Предполагалось также, что они имеют "усовершенствованные дальномеры". Вывод о формировании японцами особого метода мас­сирования огня сделан еще не был. Оценить это новое для всего мира явление никому еще не удалось. Напоминалось и о том, что на малых расстояниях (до 40 калибров), на которых, как и весь мир, готовились до войны стрелять рус­ские корабли, они достигали удовлетворитель­ной меткости. У японцев же на этих расстояниях меткость (в сравнении с дальними дистан­циями) не повышалась. Более того, все призна­вали, что в бою на ближних дистанциях, япон­цы, как правило, "страшно горячатся" и мет­кость их огня явно падает.

Все это означало, что и 2-й эскадре во всех случаях следовало стремиться к бою на ближ­них дистанциях, а, значит, как следовало по­нимать, обязательно обладать превосходством в скорости. В противном случае вставал воп­рос (прямо это не говорилось) о необходимо­сти экстренного овладения искусством стрелять на предельных расстояниях. Этот вывод пред­стояло (если бы он был на это способен) сде­лать уже командующему 2-й Тихоокеанской эскадрой З.П. Рожественскому.

К четвертому выводу следовало бы отне­сти сделанное уже до войны полковником В.А. Алексеевым (в работе "Скорость стрельбы") предостережение о явном отставании русско­го флота по этому показателю от английского и следовавшего ему во всем японского флотов. Работа В.А. Алексеева (если бы на нее было обращено должное внимание) подсказывала пути устранения этого, также оставшегося нео­цененным бюрократией, изъяна в боевой под­готовке флота.

Вера в вековую мудрость дедовских заве­тов ("стреляй редко, да метко") нанесла фло­ту непоправимый вред. Здесь рутина опиралась еще на "экономию", а потому на преодоление застарелого забвения важнейшего показателя артиллерийского искусства предстояло прило­жить особо титанические усилия. Этот вывод также предстояло сделать в верхах.

Вместе с интенсификацией тренировок по­мочь делу могло и увеличение комплектации орудийных расчетов (а их на кораблях, заме­тим, не хватало со времен адмирала Ф.Ф. Ушакова), назначение офицеров в каждую баш­ню и на каждый из жизненно важных постов, предоставление возможности комендору делать выстрелы сразу из обоих орудий и самому кор­ректировать свою стрельбу. Для этого первых комендоров следовало бы назначать "из сверх­срочно служащих и наиболее интеллигентных".
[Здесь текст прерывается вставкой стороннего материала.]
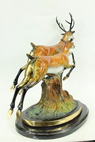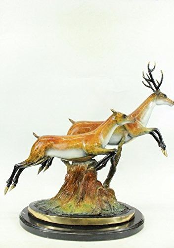 This Magnificent Bronze Figure Entitled Running Deer Is Produced By Renowned Artist Marius And Is A Limited Edition Widely Recognized As Thailand Greatest Living Sculptor. Running Deer Illustrates A Stag And Hind Fleeing And Has Been Wonderfully Captured By Marius. This Is A Hand Crafted Bronze Figure Which Has A Hard Enamel Interior Coated In Bronze. Bronze dimensions with marble base: Height 21 X Width 22 inches. Weight: 34 lbs.Please Note: This is a reproduction bronze sculpture from the original molded and signed. This featured bronze sculpture is a recast after the original, and has been done recently. This 100% bronze sculpture is an abstract piece certain to be a conversation piece.Please Note: This is a reproduction bronze sculpture from the original molded and signed. This featured bronze sculpture is a recast after the original, and has been done recently. This 100% bronze sculpture is an abstract piece certain to be a conversation piece.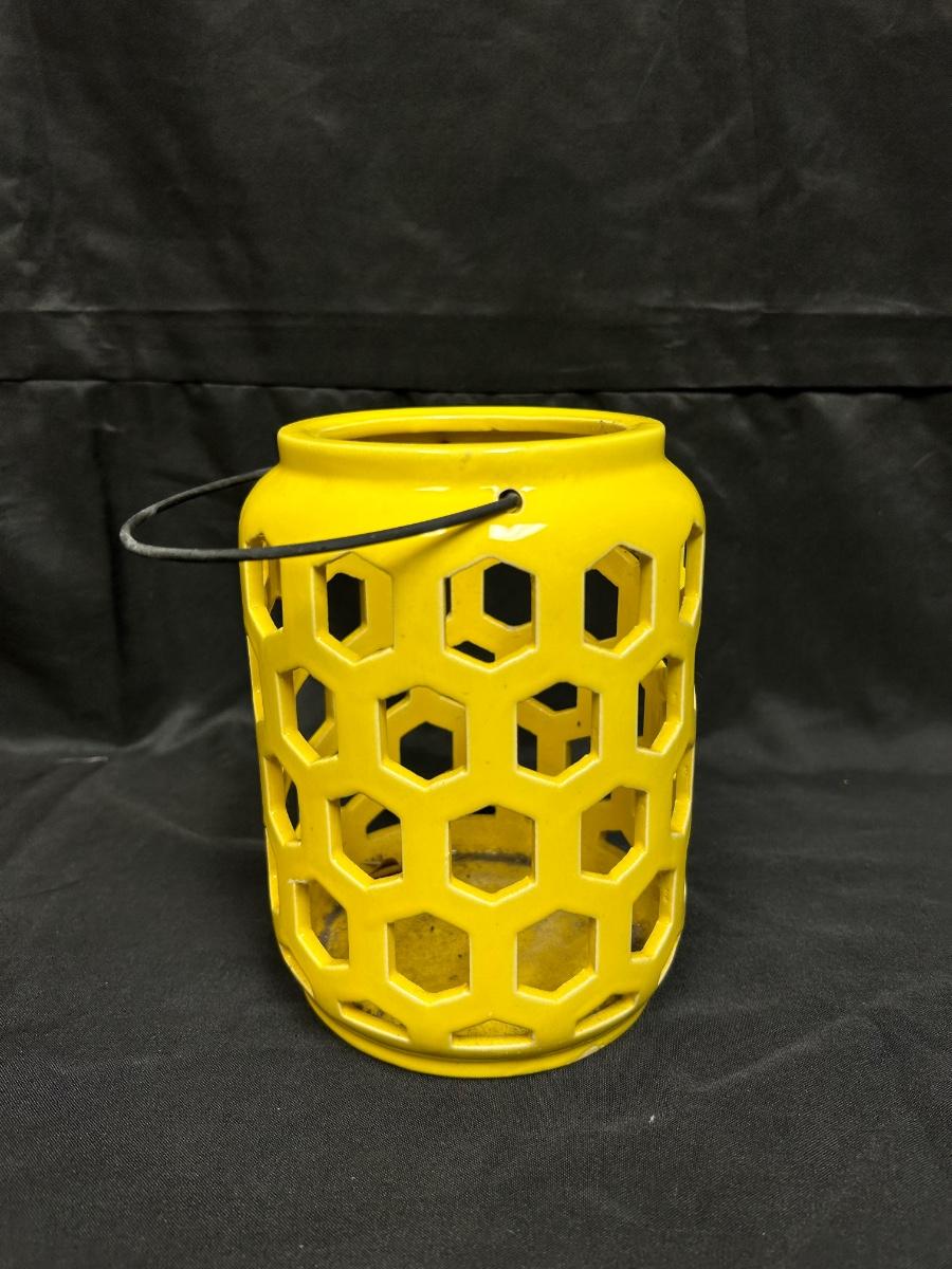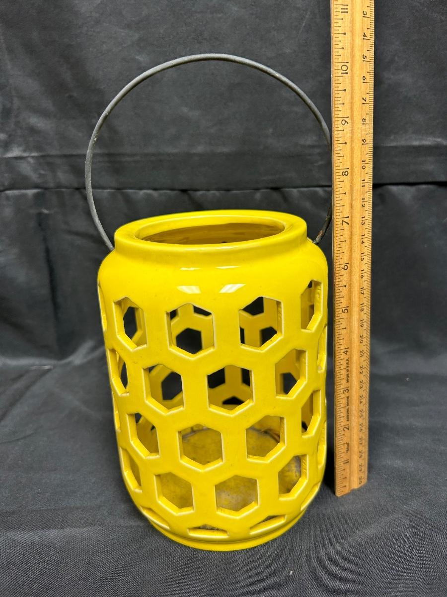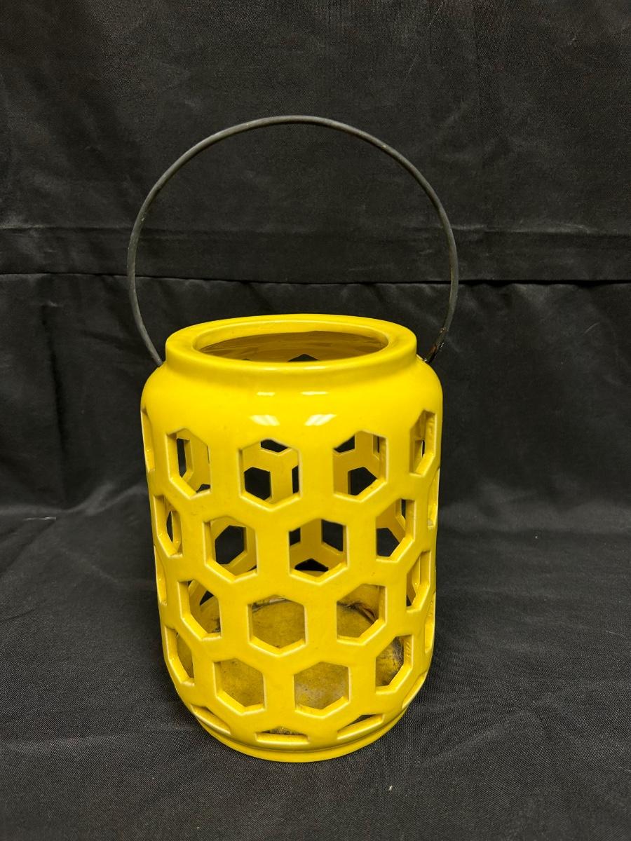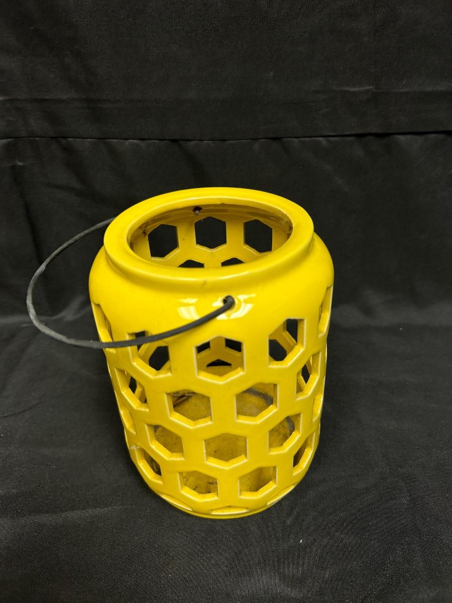 Yellow Ceramic Garden Patio Candle Lantern. In good previously used condition, just a little dirty inside. About 7" size not including handle.

Для устранения отравляющего действия газов при стрельбе предполагалось устанавли­вать в башнях нагнетательные вентиляторы. Указывалось на малую тренированность при­слуги башен и орудий. Виной тому было от­сутствие практики стрельбы при маневрирова­нии. Прямо указывался огромный вред малых скоростей в мирное время, отчего рулевые, не имея практики на скоростях более 10 уз, в бою не справлялись с удержанием корабля на курсе, отчего он часто рыскал и сбивал стрельбу.

Сильно вредила боевой подготовке и по­стоянная занятость комендоров и прислуги по­дачи работами по установке орудий на сухо­путных укреплениях. Из всего этого делался вывод о том, что успех боя решает прежде всего особое и неусыпное внимание к артиллерии и тренированность ее прислуги. Обращалось внимание на ненадежность сигнализации и недоработанность условных сигналов.

В принятой на эскадре однофлажной сиг­нальной книге не нашлось места флагу о пере­даче командования, отчего сигнал этот очень долго пришлось набирать из трех и пяти фла­гов по двум книгам. Японцы, что также было замечено всеми, пользовались однофлажными сигналами и применяли полотнища непривыч­но (для русских) больших размеров. Но и этот способ не признавался надежным: в бою на "Цесаревиче" были перебиты все фалы, а флаги сожжены.

Кардинального обновления и усовершен­ствования требовала и радиосвязь. Ее станции предлагалось устанавливать только под защи­той брони и в удалении от больших орудий. Объяснялось это тем, что в бою от сотрясения при первых же выстрелах регулировка аппара­тов нарушалась и пользоваться ими было нельзя. Для возможности одновременных пере­говоров и с эскадрой, и с берегом предлага­лось иметь на кораблях двойной комплект стан­ций. Ссылаясь на опыт японцев, командиры ми­ноносцев настаивали на установке радиостан­ций и на кораблях этого класса.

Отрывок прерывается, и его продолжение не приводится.